*The problem*: An exact transcription of the listing, without its images, is what the answer must contain.

------------------------------------

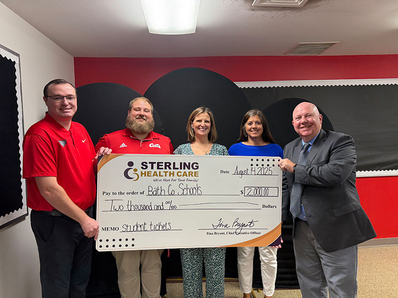 September 26, 2025 - Sterling Health Care (SHC) delivered a financial boost to five area school districts recently with provision of a total $13,500 in check presentations to its School-Based Health Program participants. The donations assist schools in covering the costs of student admissions to athletic events.
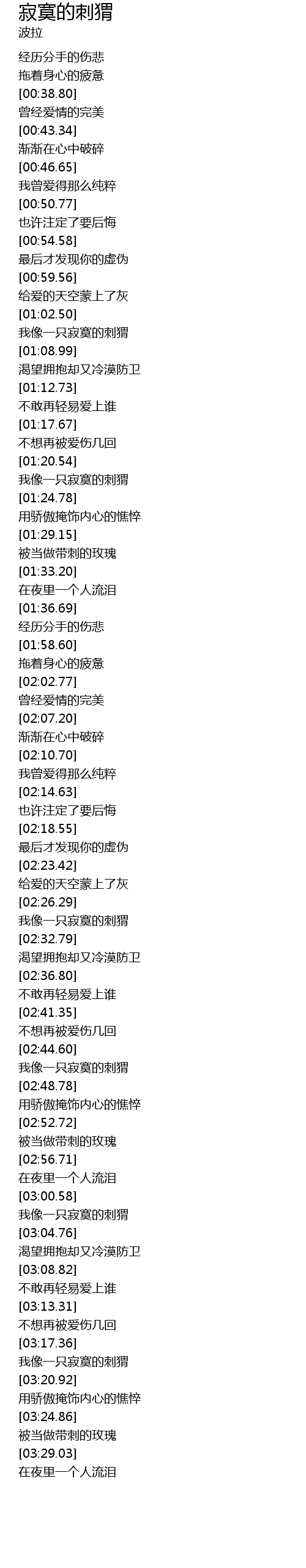 | [03:02.39] | 我像一只寂寞的刺猬 |
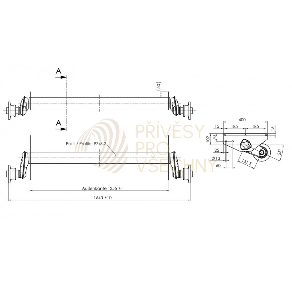 Náprava AL-KO UBR 1200-5 (1300 kg) a=1255mm, c=1640 mm, 112x5, (Maro)
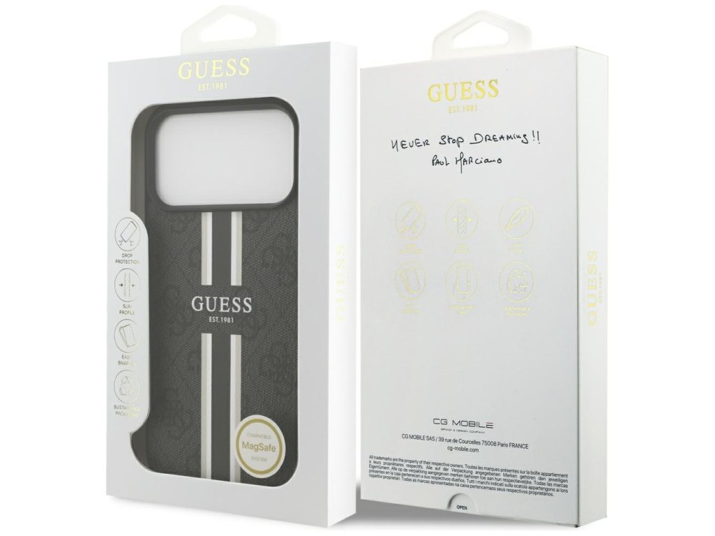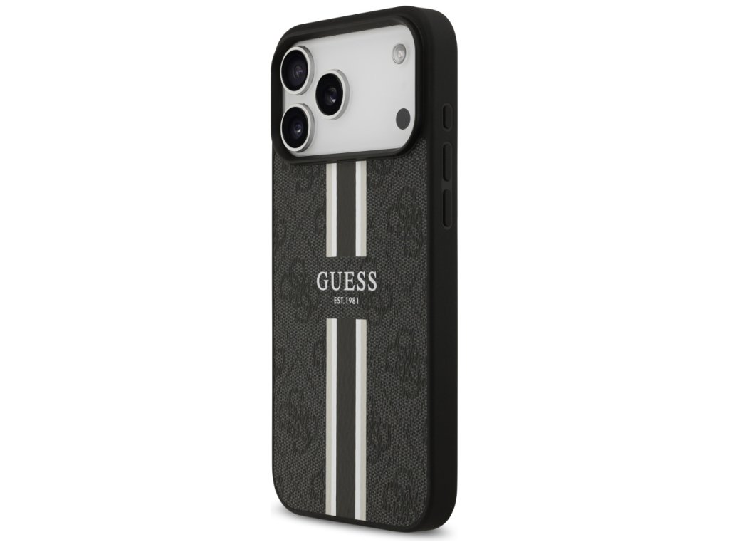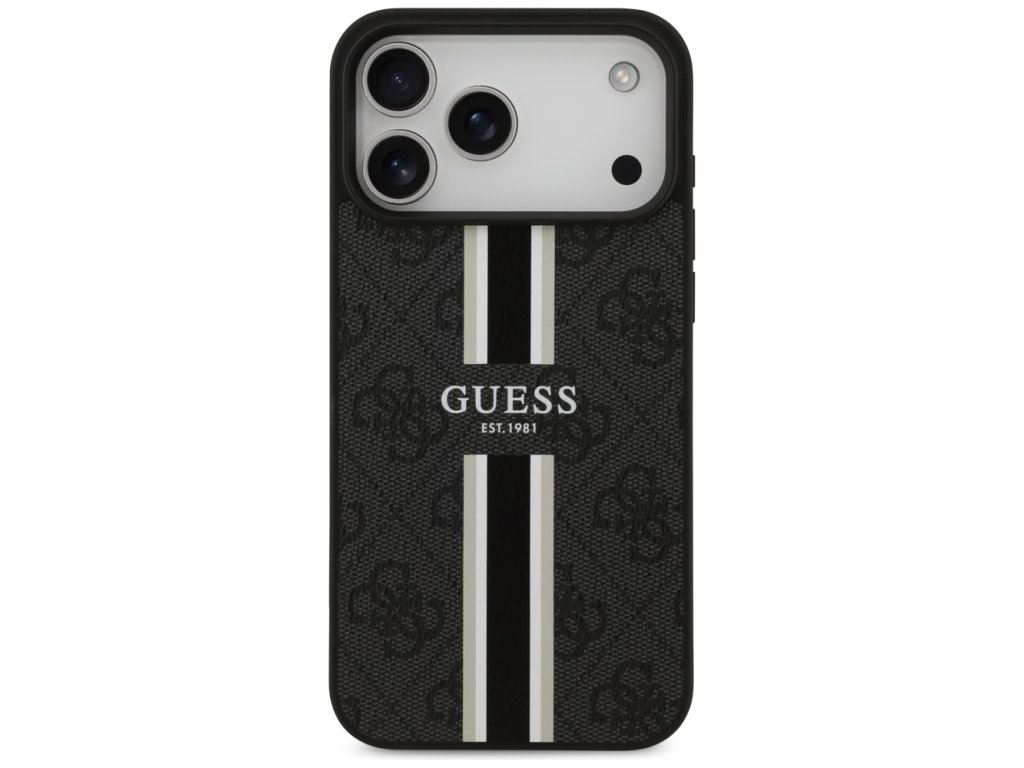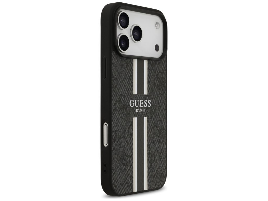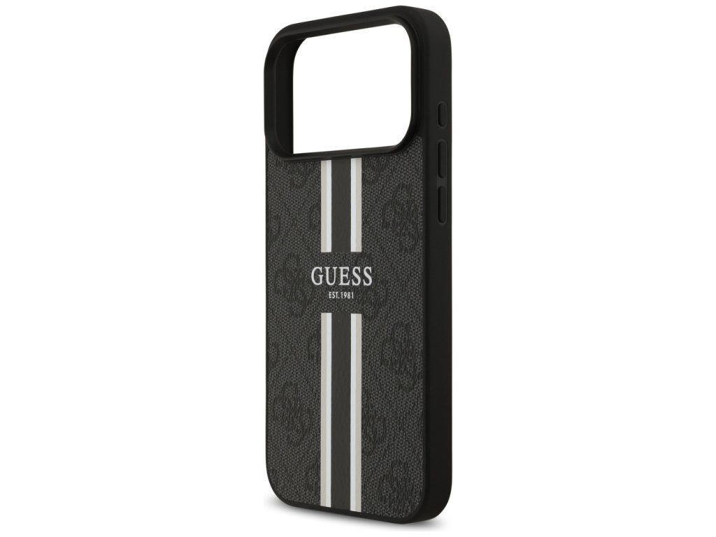 Pouzdro Guess 4G s potiskem pruhů MagSafe pro iPhone 17 Pro Max černé
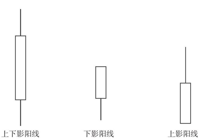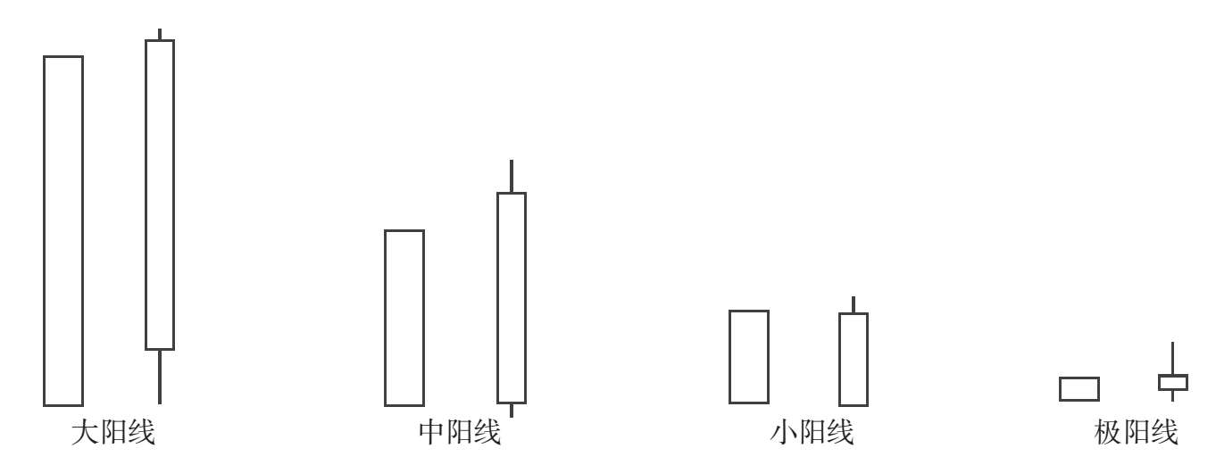 阳线可以分为很多种,如果按当天股价的涨幅来区分,可分为大阳线、中阳线、小阳线等,如图2-1所示;如果按当天股价的整体运行情况来分,又可以细分为无影阳线、上影阳线、下影阳线以及带上下影线的阳线,如图2-2所示。
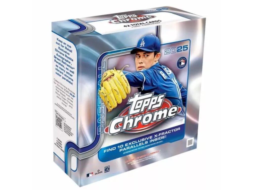 Prémiový hobby-štýlový box zo série Topps Chrome MLB 2025, zameraný na zberateľov túžiacich po farebných paralelách.
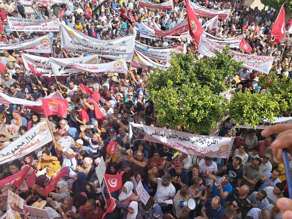 وضد مشروع التخفيض في اجور العمال والموظفين والمتقاعدين،ودفاعا عن الاتحاد في وجه الهجمة الشرسة التي يقودها اعداء العمل النقابي ودفاعا على أعوان الصحة المعتقلين حسب ما جاء في بيان الهيئة الادارية للاتحاد العام التونسي للشغل المنعقدة امس في صفاقس.

------------------------------------

*Result*:
 September 26, 2025 - Sterling Health Care (SHC) delivered a financial boost to five area school districts recently with provision of a total $13,500 in check presentations to its School-Based Health Program participants. The donations assist schools in covering the costs of student admissions to athletic events.
 | [03:02.39] | 我像一只寂寞的刺猬 |
 Náprava AL-KO UBR 1200-5 (1300 kg) a=1255mm, c=1640 mm, 112x5, (Maro)
 Pouzdro Guess 4G s potiskem pruhů MagSafe pro iPhone 17 Pro Max černé
 阳线可以分为很多种,如果按当天股价的涨幅来区分,可分为大阳线、中阳线、小阳线等,如图2-1所示;如果按当天股价的整体运行情况来分,又可以细分为无影阳线、上影阳线、下影阳线以及带上下影线的阳线,如图2-2所示。
 Prémiový hobby-štýlový box zo série Topps Chrome MLB 2025, zameraný na zberateľov túžiacich po farebných paralelách.
 وضد مشروع التخفيض في اجور العمال والموظفين والمتقاعدين،ودفاعا عن الاتحاد في وجه الهجمة الشرسة التي يقودها اعداء العمل النقابي ودفاعا على أعوان الصحة المعتقلين حسب ما جاء في بيان الهيئة الادارية للاتحاد العام التونسي للشغل المنعقدة امس في صفاقس.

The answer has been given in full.